Sweet! I'm glad you were able to get good seats!

I remember when I saw The Two Towers there, they had extra props and statues in the lobby area. Did they have that again for RotK? Last year they had a full scale Ringwraith on horseback and one Uruk-hai.

I was going to try and see RotK at The Bridge Cinema De-lux.....(was trying for the Director's Hall showing).....but for some reason they stop showing RotK there in favor of "Cheaper by the Dozen".  What the?   
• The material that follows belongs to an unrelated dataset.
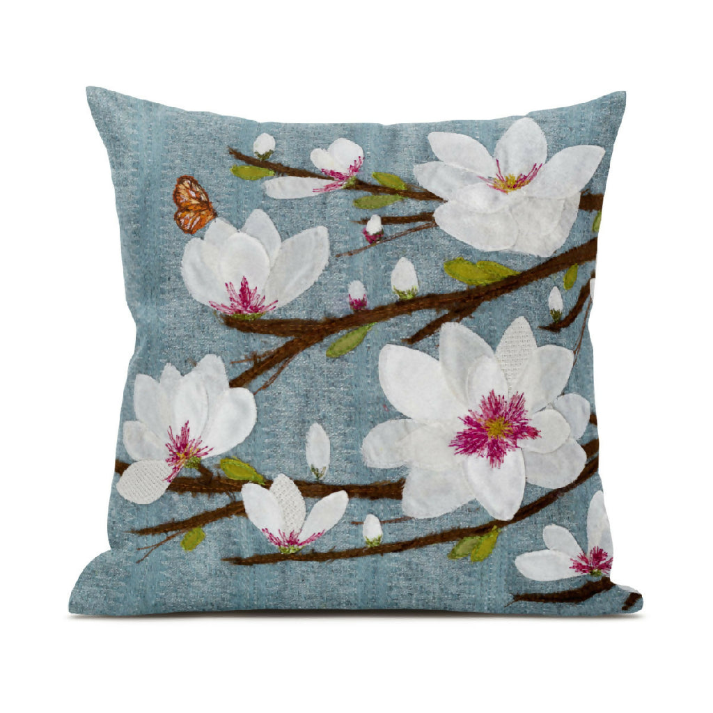 A beautifully soft faux suede cushion, which features an exquisite magnolia blossom design set against a serene soft blue background. Measures 44 x 44 cms. Includes cushion pad....

Anyways, good to hear you had a good time at the Arclight.


----------



## Kai Lord (Dec 28, 2003)

Chain Lightning said:
			
		

> Sweet! I'm glad you were able to get good seats!
> 
> I remember when I saw The Two Towers there, they had extra props and statues in the lobby area. Did they have that again for RotK? Last year they had a full scale Ringwraith on horseback and one Uruk-hai.
> 
> ...



Not only did they have the full scale Ringwraith and Uruk-hai in the Dome lobby, but they also had a full scale Gollum holding a fish and Orc archer in the main lobby as well, in addition to a nice display of WETA miniatures.

Looks like the Arclight showcases a lot of guest director screenings as well.  On January 20th James Cameron will be there for a Q & A session after a screening of Terminator 2.  Too bad I won't be in town for that (though it appears its already sold out anyway.)

Anyway, yeah the Arclight was awesome.  Liked it even better than the Chinese.


----------